Berry phase for optical wavepacket propagation in deformed photonic crystals

We develop a theory for a trajectory of an optical wavepacket propagating through a photonic crystal with a deformation $[1]$. Naively one might expect that the trajectory of an optical beam is always perpendicular to the wave front, which is expected in a conventional geometrical optics derived from Fermat's principle. We reveal an anomalous behavior of such electromagnetic beams beyond this naive expectation. We derive a set of equations motion which includes multiple scatterings and a geometrical phase called Berry phase associated with the wave dynamics. We find that such a Berry phase correction to geometrical optics gives rise to a shift of the center position of an wavepacket.
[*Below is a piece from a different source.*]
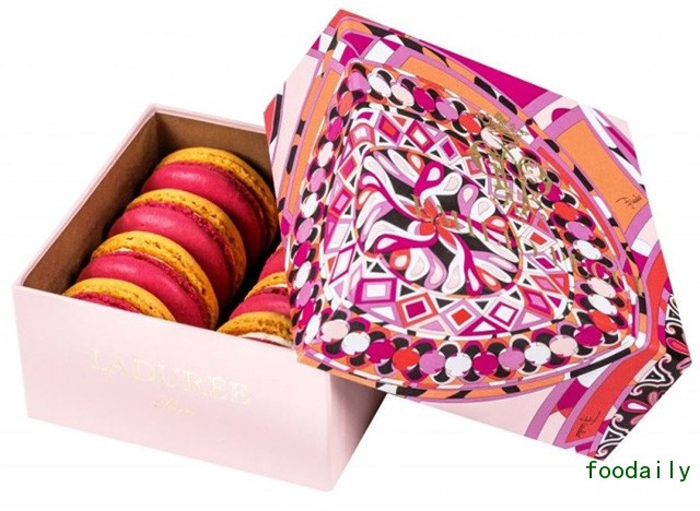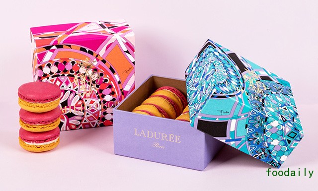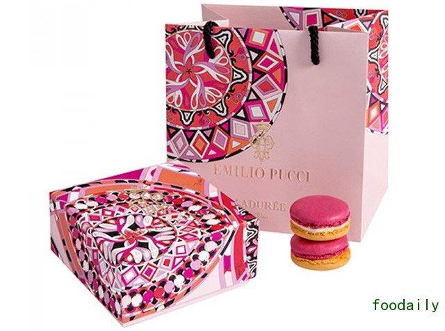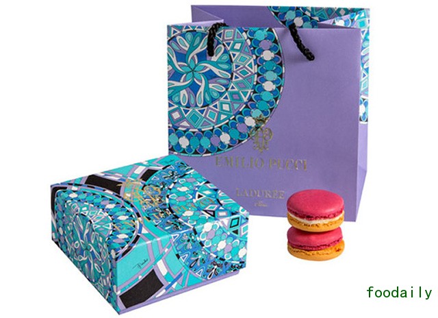 说起马卡龙,你就避不开 LADURÉE 这个名字,因为这家香榭丽舍大街上的百年老店正是双层马卡龙的创作者。如何让“少女的酥胸”流传甚广,除了常换常新的新口味外,与时尚品牌不断保持合作,也是 LADURÉE 的宣传手段之一。NINA RICCI、DONNA KAREN、Christian Louboutin……都是甜点包装设计名单中的一员,印花大师 EMILIO PUCCI 则是下一个对象。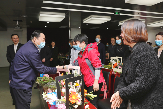 調研中,適逢三八國際婦女節(jié),郝鵬看望慰問了正在聽插花講座的企業(yè)女職工,向大家致以節(jié)日的祝賀和美好的祝福。

Remarkably, at the edge of a photonic band gap, such a coordinate shift is enhanced by a factor $\omega / \Delta \omega$, where $\omega$ is a frequency of light and $\Delta \omega$ is a size of a photonic band gap. An amount of the enhancement factor is $\omega / \Delta \omega \sim 10$ or $\sim 10^2$ for photonic crystals. Especially, in the case of an x-ray dynamical diffraction, the factor can be $\omega / \Delta \omega \sim 10^6$, which implies that an atomic crystal deformation gives a macroscopic shift of a wavepacket.\\ $[1]$ K. Sawada, S. Murakami and N. Nagaosa, Phys. Rev. Lett. \textbf{96}, 154802 (2006).